_EXERCISE MATERIALS:_

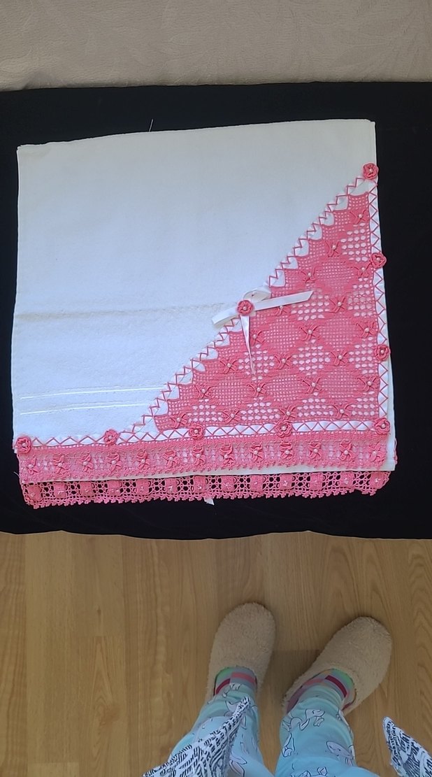 Pastel pembe nakış detayları ve dantel süslemeli sahip havlu
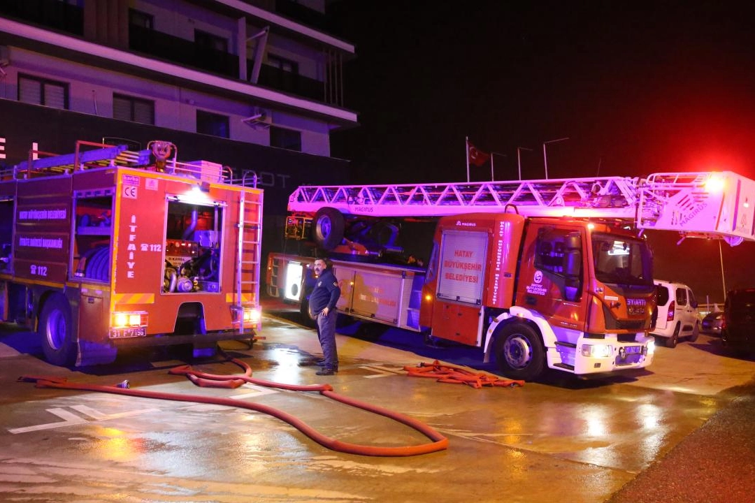 Öte yandan, Belen Kaymakamı Onur Şan ve Belen Belediye Başkanı İbrahim Gül de yangının çıktığı binada incelemede bulundu.
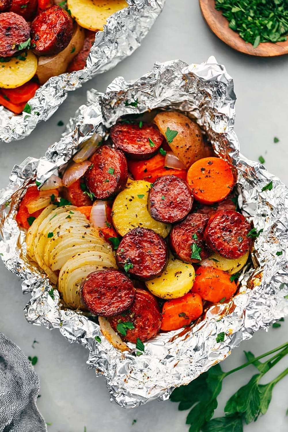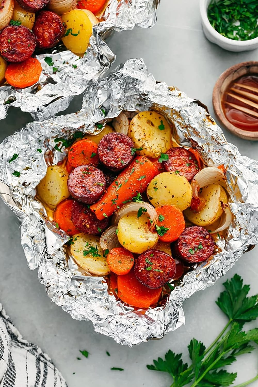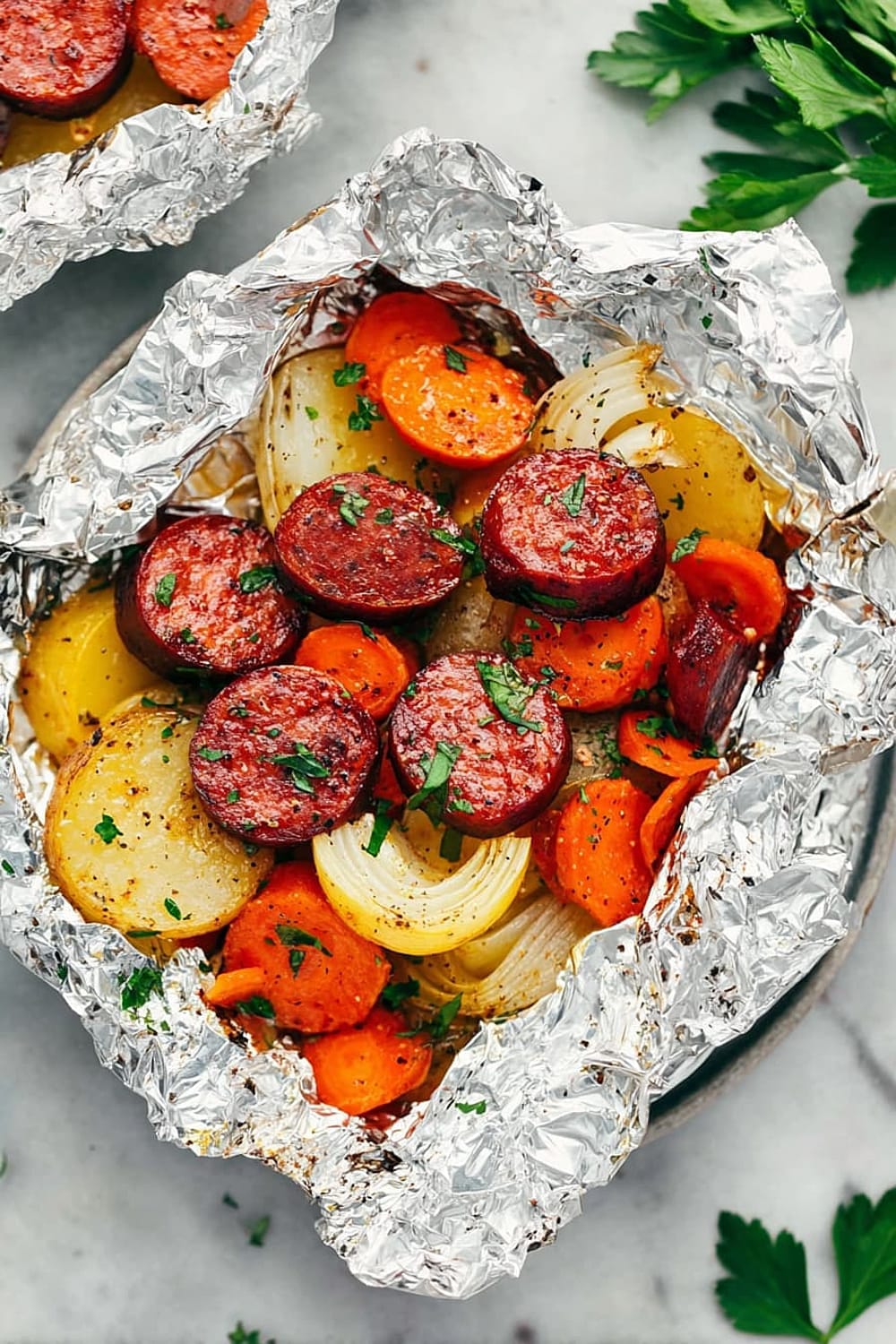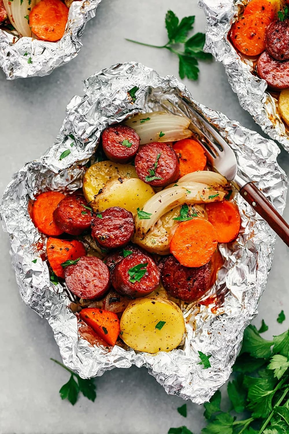 Picture this: tender potatoes, smoky sausage, and perfectly seasoned vegetables all steaming together in their own little aluminum cocoon, creating the most satisfying one-packet meal you’ve ever experienced.
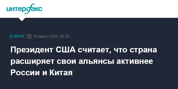 Москва. 25 марта. INTERFAX.RU - США и их партнеры расширяют сеть союзников успешнее России и Китая, заявил американский президент Джо Байден.
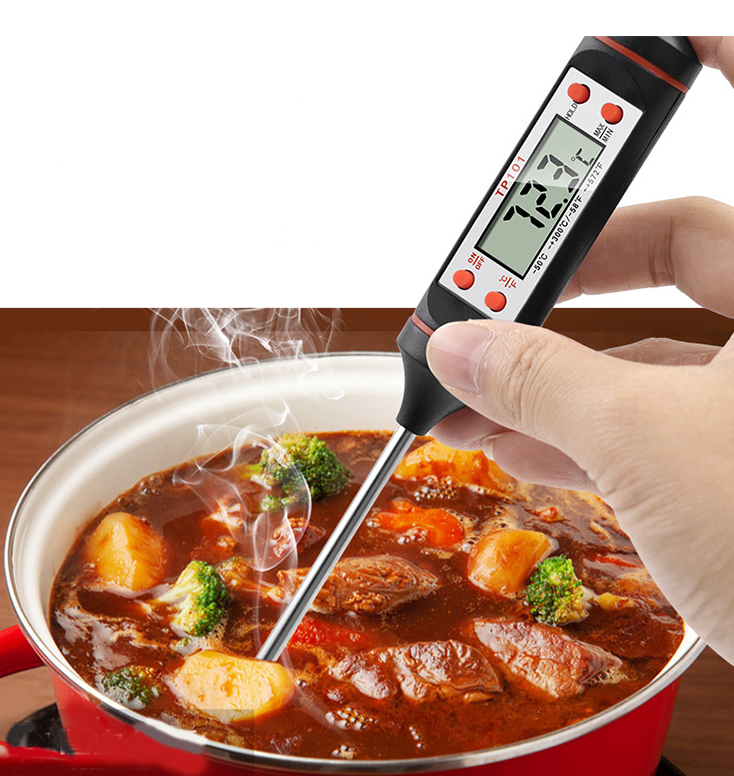 Deze thermometer is perfect voor het meten van temperatuur van voedsel. Zo zorgt u ervoor dat uw vlees niet rauw is of juist uitdroogt, en dat gebak de juiste binnentemperatuur krijgt. Door de pen van 15cm kunt u de thermometer altijd diep genoeg in het voedsel prikken, om zo een accurate temperatuur af te kunnen lezen op het LCD display. Dankzij het hoge temperatuurbereik van tot wel 300 graden Celsius kunt u de thermometer voor allerlei gerechten gebruiken. Verder kunt u de temperatuur ook veranderen naar Fahrenheit, indien u dat wenst.
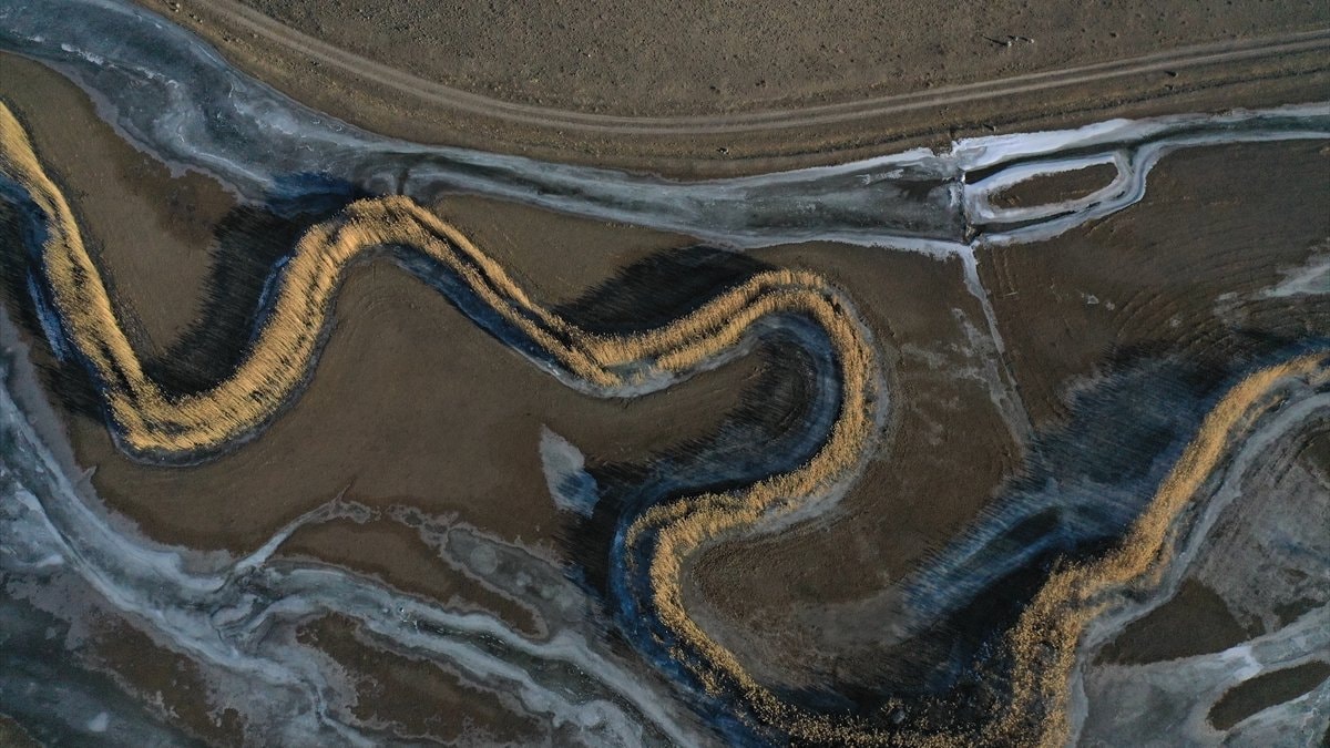 Yüzeyi buzla kaplanan alanlar drone ile görüntülendi.
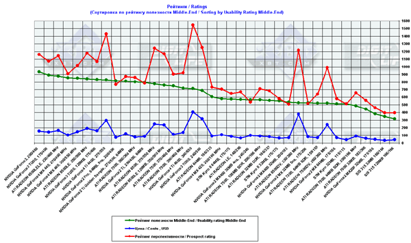 - сводные диаграмма по видеокартам стоимостью до $80 на базе всех стендов;
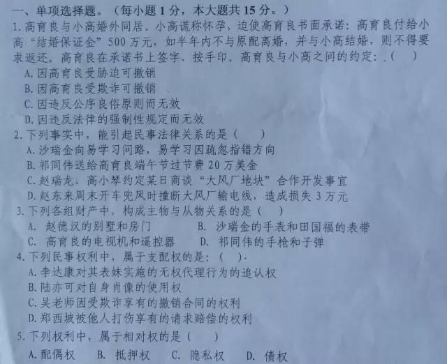 昨天,浙江財(cái)經(jīng)大學(xué)東方學(xué)院法學(xué)專業(yè)的學(xué)生就碰上了“萬一”——《民法總論》的期末考試試卷,竟通篇引用《人民的名義》?。?!
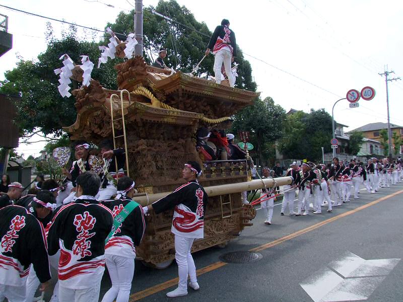 平成30年10月14日の祭礼で行われた、大阪狭山市地車連合パレードでの各町です。 10台のだんじりが参加したパレードでは出発後すぐに急坂を上ります。 このページでは後半の5台をご覧ください。

_WHAT IS EXPECTED:_ The exact lines from the beginning of the data through the one that contains "Öte yandan, Belen" must be given again, both ends included, and pictures must be left out.

_OUTPUT:_
 Pastel pembe nakış detayları ve dantel süslemeli sahip havlu
 Öte yandan, Belen Kaymakamı Onur Şan ve Belen Belediye Başkanı İbrahim Gül de yangının çıktığı binada incelemede bulundu.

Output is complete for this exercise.